One Bible study school in Georgia, Brewton-Parker College, cut its tuition by 22 percent per year for the current school year to attract more students.

"Brewton-Parker, like many other Christian-affiliated schools, is private, and we have to have new students coming in," college president Mike Simoneaux told CNN Money. "We recognize that in order to stay competitive we had to find ways to lower our tuition and not our quality."

It's not just Brewton-Parker.

Duquesne University, a Catholic university in Pennsylvania is slashing tuition by half. Seton Hall University, a New Jersey Catholic school, is giving a 61 percent tuition reduction for some students. A Jewish rabbinical school in New York, Beis Medrash Heichal Dovid, cut tuition by 20 percent.

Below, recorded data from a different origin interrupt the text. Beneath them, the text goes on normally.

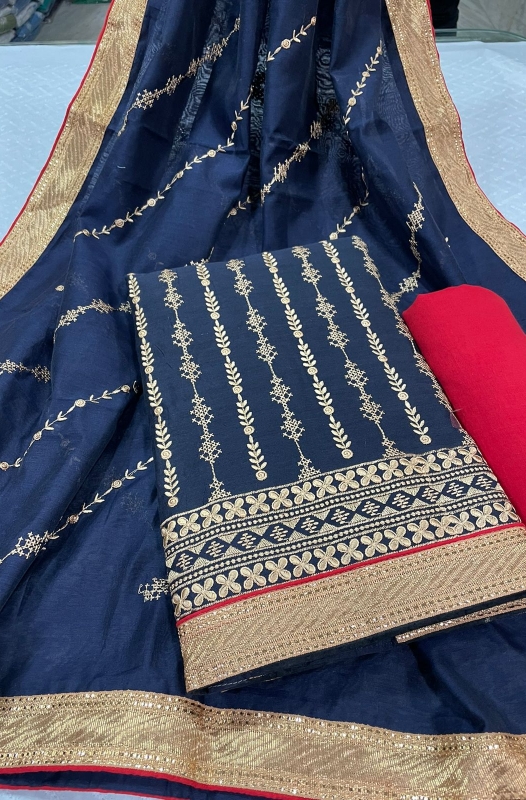 width 41"Dupatta - chanderi with embroidery and four side lace
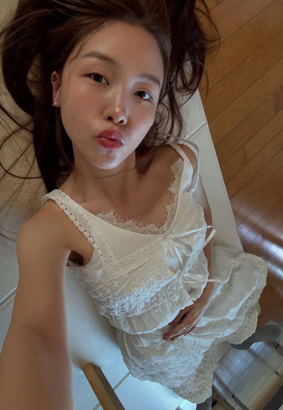 민아는 2일 자신의 인스타그램을 통해 바닥에 드러누워 찍은 사진을 여러장 게재했다. 사진 속 그는 청순한 화이트룩을 선보이며 자유롭고 나른한 분위기를 자아냈다.
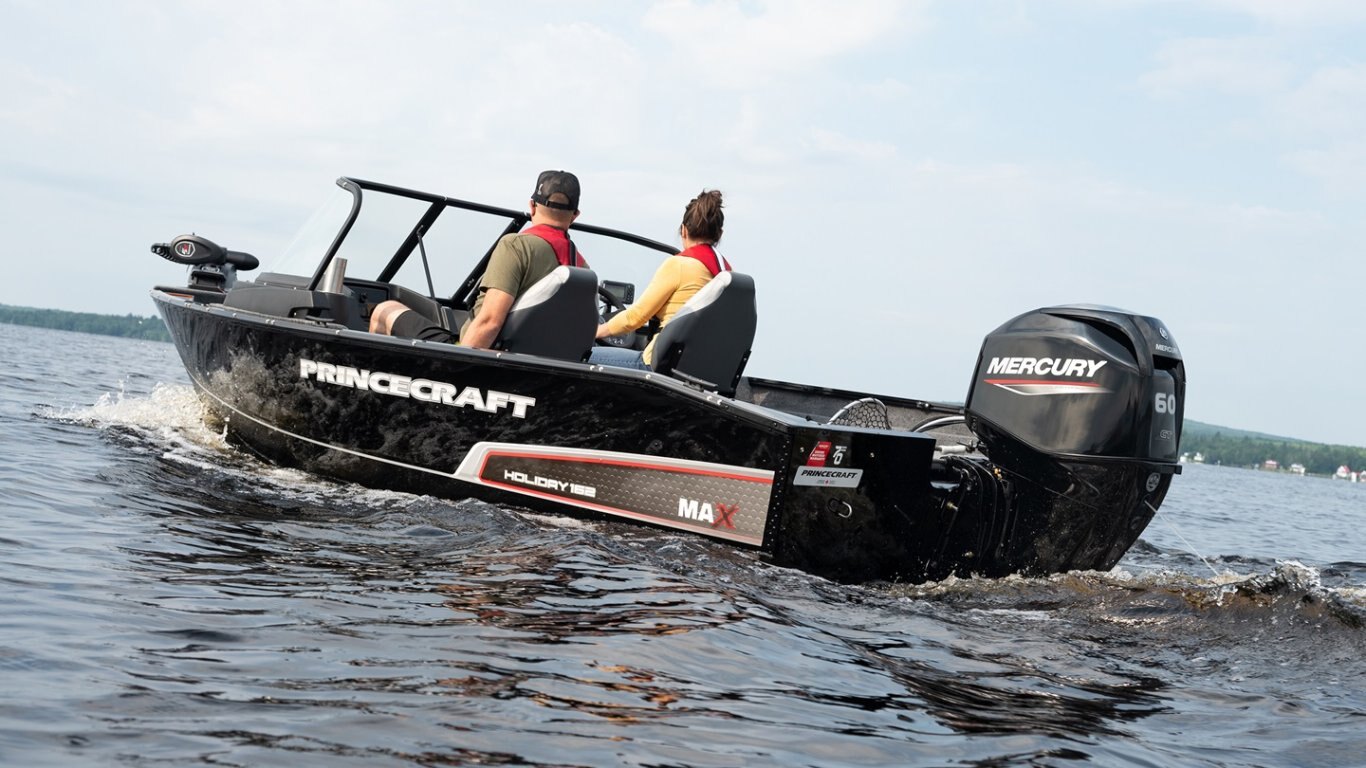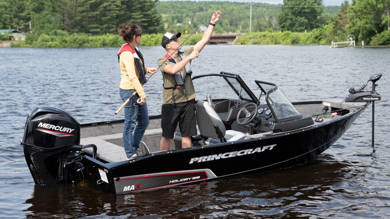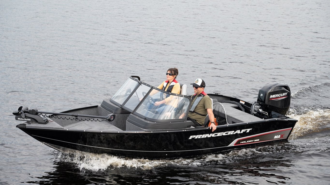 Anti-skid vinyl cockpit floor Marine grade carpet platforms PrinceTrak System: extrusion allowing onboard tool fixing Electric bilge pump Navigation lights Factory-installed snap fasteners for optional canvas camper enclosures and mooring top Interior light(s) 3 cup holders 2 battery holders Trailer cover (black) Sun top with bimini canvas connected to windshield including the bimini structure (black) Emergency reboarding ladder Transducer(s) mounting plate

It is like Black Friday for religious schools — except without the long lines and pepper spray.

CNNMoney quoted various studies showing fewer young Americans claiming an affiliation with any particular denomination. Less religious youth means fewer prospects. "It used to be … you had enough students to attend purely because of religion," John Nelson, a managing director at Moody's, told CNNMoney. "But when they're suffering a decline in students because a religion is stagnating or declining, they have to do something drastic to attract students."

But not every college is hurting enough to slash tuition, yet.

The Star Telegram reported Texas Christian University is raising tuition 6.5 percent — bringing on Occupy Wall Street-type protests from students. "Over the past five years, TCU's tuition has increased a total of 43.5 percent — from about $22,980 in 2006 to $32,400 in 2011, according to university officials and news archives. For the fall and spring semesters of this school year, a student's total estimated cost is about $43,800, including room, board, books and supplies."

The LDS Church-sponsored BYU has also seen tuition rise steadily over the years. A table showing tuition since 1960 shows the costs rising steadily from $130 for both LDS and non-LDS students back then to $2,355 for LDS and $4,710 for non-LDS for the 2012-13 school year. Tuition has held steady some years, but BYU has never cut it. The university is regularly lauded for being a top value because its tuition is low compared to many other private colleges and universities.

CNNMoney also looked at state colleges and universities and found the top five biggest tuition raises were in California (21 percent hike), Arizona (17 percent hike), Georgia (16 percent hike), Washington (16 percent hike) and Nevada (14 percent hike).

With prices going up all around, it is no wonder CNNMoney titled the article on religious tuition: "Want cheaper tuition? Find religion."